「0点でも高校の研究」 あるいは「なっちの研究」(001)
《プロローグ》
ふつう学級・普通高校の12年間、彼らは自分の身に起こる現実、「見るべきもの」をすべて自分で体験してきた。
どんな時も味方がいるという感覚を失わず、自分の身に起こること、自分の身体が感じることを体験してきた。
怒られることもあるが、自分のすべてを否定されるわけじゃない。
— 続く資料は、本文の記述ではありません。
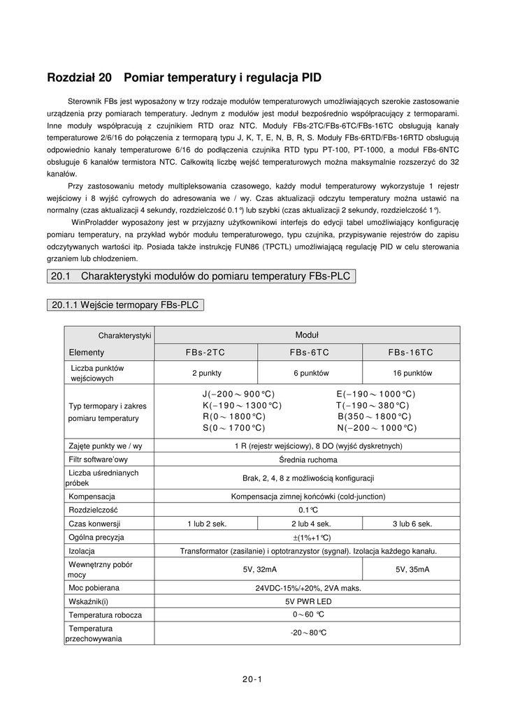 Rozdział 20 Pomiar temperatury i regulacja PID Sterownik FBs jest wyposażony w trzy rodzaje modułów temperaturowych umożliwiających szerokie zastosowanie urządzenia przy pomiarach temperatury. Jednym z modułów jest moduł bezpośrednio współpracujący z termoparami. Inne moduły współpracują z czujnikiem RTD oraz NTC. Moduły FBs-2TC/FBs-6TC/FBs-16TC obsługują kanały temperaturowe 2/6/16 do połączenia z termoparą typu J, K, T, E, N, B, R, S. Moduły FBs-6RTD/FBs-16RTD obsługują odpowiednio kanały temperaturowe 6/16 do podłączenia czujnika RTD typu PT-100, PT-1000, a moduł FBs-6NTC obsługuje 6 kanałów termistora NTC. Całkowitą liczbę wejść temperaturowych można maksymalnie rozszerzyć do 32 kanałów. Przy zastosowaniu metody multipleksowania czasowego, każdy moduł temperaturowy wykorzystuje 1 rejestr wejściowy i 8 wyjść cyfrowych do adresowania we / wy. Czas aktualizacji odczytu temperatury można ustawić na normalny (czas aktualizacji 4 sekundy, rozdzielczość 0.1°) lub szybki (czas aktualizacji 2 sekundy, rozdzielczość 1°). WinProladder wyposażony jest w przyjazny użytkownikowi interfejs do edycji tabel umożliwiający konfigurację pomiaru temperatury, na przykład wybór modułu temperaturowego, typu czujnika, przypisywanie rejestrów do zapisu odczytywanych wartości itp. Posiada także instrukcję FUN86 (TPCTL) umożliwiającą regulację PID w celu sterowania grzaniem lub chłodzeniem. 20.1 Charakterystyki modułów do pomiaru temperatury FBs-PLC 20.1.1 Wejście termopary FBs-PLC Moduł Charakterystyki Elementy Liczba punktów wejściowych Typ termopary i zakres pomiaru temperatury F Bs - 2T C F Bs - 6T C F Bs - 1 6T C 2 punkty 6 punktów 16 punktów ~ ~ ~ ~ ~ ~ J ( − 20 0 90 0°C) K( − 1 9 0 1 3 00 °C) R( 0 18 0 0°C) S( 0 1 70 0 °C) ~ ~ Zajęte punkty we / wy E( − 1 90 1 00 0 °C) T ( − 1 90 3 80 °C) B( 3 5 0 1 8 00 °C) N( − 2 00 1 00 0 °C) 1 R (rejestr wejściowy), 8 DO (wyjść dyskretnych) Filtr software’owy Średnia ruchoma Liczba uśrednianych próbek Brak, 2, 4, 8 z możliwością konfiguracji Kompensacja Kompensacja zimnej końcówki (cold-junction) Rozdzielczość 0.1°C Czas konwersji 1 lub 2 sek. 2 lub 4 sek. Ogólna precyzja Izolacja Wewnętrzny pobór mocy Moc pobierana 3 lub 6 sek. ±(1%+1°C) Transformator (zasilanie) i optotranzystor (sygnał). Izolacja każdego kanału. 5V, 32mA 5V, 35mA 24VDC-15%/+20%, 2VA maks. Wskaźnik(i) 5V PWR LED ~60 °C -20~80°C 0 Temperatura robocza Temperatura przechowywania 20-1 Wymiary 40(S)x90(W)x80(G) mm 90(S) x90(W) x80(G) mm 20.1.2 Wejście RTD FBs-PLC Moduł Charakterystyki Elementy F Bs - 6RT D Liczba punktów wejściowych F Bs - 1 6RT D 6 punktów 16 punktów 3-przewodowy czujnik RTD JIS(α=0.00392) lub DIN(α=0.00385) Pt-100(−200 850°C) ~ ~600°C) Typ RTD i zakres pomiaru temperatury Pt-1000(−200 Zajęte punkty we / wy 1 R (rejestr wejściowy), 8 DO (wyjść dyskretnych) Filtr software’owy Średnia ruchoma Liczba uśrednianych próbek Brak, 2, 4, 8 z możliwością konfiguracji 0. 1 °C Rozdzielczość Czas konwersji 1 lub 2 sek. 2 lub 4 sek. ±1% Ogólna precyzja Izolacja Transformator (zasilanie) i optotranzystor (sygnał). Izolacja każdego kanału. Wewnętrzny pobór mocy 5V, 35mA Moc pobierana 5V, 35mA 24VDC-15%/+20%, 2VA maks. Wskaźnik(i) 5V PWR LED ~60 °C -20~80°C 0 Temperatura robocza Temperatura przechowywania Wymiary 40(W)x90(H)x80(D) mm 90(W) x90(H) x80(D)mm 20.1.3 Wejściowy moduł temperaturowy NTC Moduł Element Charakterystyki FBs-6NTC Punkty wejściowe 6 punktów Typ czujnika Zajęte punkty we / wy 2k, 5k, 10k, 20kΩ (przy 25 ℃) czujnik NTC 1 R (rejestr wejściowy), 8 DO (wyjść dyskretnych) Filtr software’owy Średnia ruchoma Liczba uśrednianych próbek 1, 2, 4, 8, 16 z możliwością konfiguracji Rozdzielczość 0.1°C Czas konwersji 1 lub 2 sek. Ogólna precyzja Izolacja ±1% Transformator (zasilanie) i optotranzystor (sygnał) Wewnętrzny pobór mocy 5V, 35mA Moc pobierana 24VDC-15%/+20%, 2VA Wskaźnik(i) 5V PWR LED 20-2 ~60 °C -20~80°C 0 Temperatura robocza Temperatura przechowywania Wymiary 20.2 90(S) x90(W) x80(G)mm Procedura stosowania modułu temperaturowego FBs 20.2.1 Procedura pomiaru temperatury Start Podłączyć szeregowo moduły do interfejsu rozszerzeń w ------- PLC oraz podłączyć zewnętrzne źródło 24VDC i przewody czujników do pomiaru temperatury. Szczegóły dotyczące ustawień i połączeń opisane są w rozdziale 20.6. Uruchomić WinProladder, skonfigurować adres konfiguracji tabeli, rejestru temperaturowego i rejestru - - - - - - - Patrz rozdział 20.3 roboczego w oknach konfiguracji temperatury. Umożliwi to odczyt temperatury bezpośrednio do rejestru. Koniec 20.2.2 Sterowanie temperaturą PID w zamkniętej pętli Start Podłączyć szeregowo moduły do interfejsu rozszerzeń w ------- PLC oraz podłączyć zewnętrzne źródło 24VDC i wejściowe przewody do pomiaru temperatury. Szczegóły dotyczące ustawień i połączeń opisane są w rozdziale 20.6. Za pomocą odpowiedniej instrukcji sterowania temperaturą PID (FUN86) skonfigurować tabelę tak, aby uzyskać aktualną wartość temperatury i stworzyć z niej tak zwaną zmienną procesową (PV). Po obliczeniu wyrażenia PID nastąpi odpowiedź na błąd poprzez wysłanie wyjściowego - - - - - - - Szczegóły w opisie FUN86 i przykładzie programu. sygnału zgodnego z nastawą, wartością błędu i szybkością zmiany zmiennej procesowej. Z uwagi na pracę w zamkniętej pętli można oczekiwać stabilnego stanu procesu. Koniec 20-3 20.3 Procedury konfiguracji pomiaru temperatury Kliknąć „I/O Configuration” w oknie Project Windows: Project name System Configuration I/O Configuration 1. Wybrać opcję „Temp. Configuration” ﹝Starting Address of Configuration Table﹞: Przypisanie początkowego adresu rejestrów do zapisu tabeli konfiguracji temperatury. Możliwe są następujące wpisy: a. Spacja (Brak tabeli konfiguracji tempera

助けが必要なときには、助けを求めていいのだという、人への信頼を築く機会として、多くの失敗を体験することができた。
彼らの姿は、もともと協力しあうことは子どもの自然であり、脅されたり怒られないと感じれば、誰もが自分を表現する言葉でつながり、力を発揮することができることを、私たちに教えてくれた。
私たちは、子どもの成長をじゃませず、必要なときだけ、状況に応じて手を貸し、知恵をかせばいいのだった。
もちろん、高校を卒業しても相変わらず、周囲との行き違いや困り事は起こる。
でも、彼らにとって、12年間、自分の居場所を守りきってくれた人たちへの信頼は揺るぎない。
そしてまた、その人たちの信頼に応えることができた自分への信頼もまた揺るぎない。
その「自分への信頼」とは、「個の能力」で得た「自信」とは次元が違うものだ。
彼らには、新しい事態を前にするとき、そこで何が起こっているのか、この先に何が起こるのかを、ちゃんと待つ姿勢と、乗り切ることへの信頼がある。
子どものころ、「問題行動」として語られてきた中身は、彼らにしてみれば「問題提起」だった。
子ども一人が「直さ」なければいけないことではなく、子どもだけが行動を「修正」することで「解決」するものではなかったのだ。
それは彼らが生き延びるために必要な手段やつながりを、私たち大人も共に悩み考えるために必要な課題であり、その機会を提供できることこそ、彼らの強みでもあった。
高校を卒業した彼らの姿をみていると、12年間という時を共に経験することができて、お互いによかったと、心からおもう。
その姿を、丁寧に書いてみたいのだけれど…。